Cette dérive s’est accompagnée d’un durcissement idéologique du parti au pouvoir depuis 2012, le mal nommé « Rêve géorgien » – les guillemets s’imposent. Sous l’influence de son fondateur, l’oligarque prorusse Bidzina Ivanichvili, ce parti a développé une rhétorique de plus en plus alignée sur celle du Kremlin, présentant la société civile comme une menace venue de l’étranger. Cette orientation s’est particulièrement illustrée en mai 2024 par l’adoption d’une loi relative à la transparence de l’influence étrangère, directement inspirée de la législation russe de 2012. Elle vise à entraver les activités des ONG, des médias indépendants et des organisations de défense des droits de l’homme – du moins, ceux qui parviennent encore à survivre.

Ce tournant autoritaire marque une rupture profonde avec la trajectoire européenne suivie par la Géorgie pendant plus de vingt ans. Devenue indépendante en 1991 après l’effondrement de l’empire soviétique, la Géorgie a longtemps incarné un espoir démocratique dans le Caucase. La révolution des Roses de 2003 a ouvert la voie à une transition politique et démocratique qui a inspiré les futures révolutions de couleur en Ukraine et au Kirghizistan.

Cette évolution avait naturellement conduit la Géorgie à se rapprocher de l’Union européenne et de l’Otan.

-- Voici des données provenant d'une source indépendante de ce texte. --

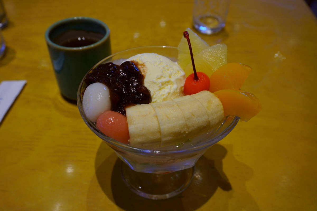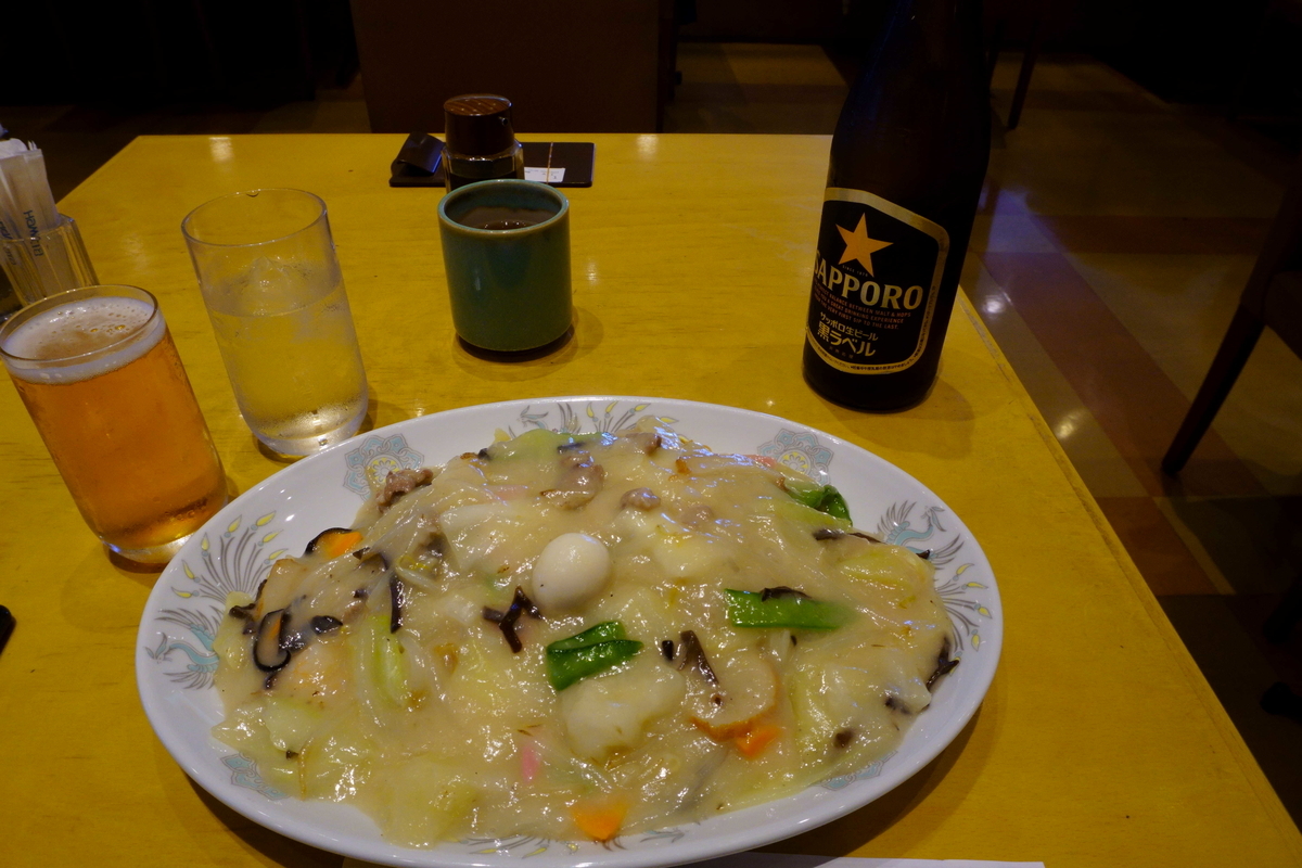 昼間からビールと皿うどんを食べる。最後にはあんみつを食べた。いい気分になりデパートを出る。
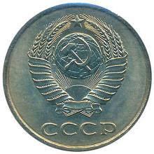 Реверс: герб СССР с пятнадцатью витками перевязывающей ленты. Под ним горизонтальная надпись "СССР".

En 2009, son intégration au Partenariat oriental de l’Union européenne lui a permis de bénéficier d’une zone de libre-échange, de facilités de circulation et d’un important soutien financier et politique. Ce processus a abouti au dépôt de la candidature de la Géorgie à l’Union européenne en 2022, puis à l’attribution du statut de pays candidat par le Conseil européen, moyennant un engagement sur la voie de réformes politiques et économiques profondes exigées par les critères de Copenhague.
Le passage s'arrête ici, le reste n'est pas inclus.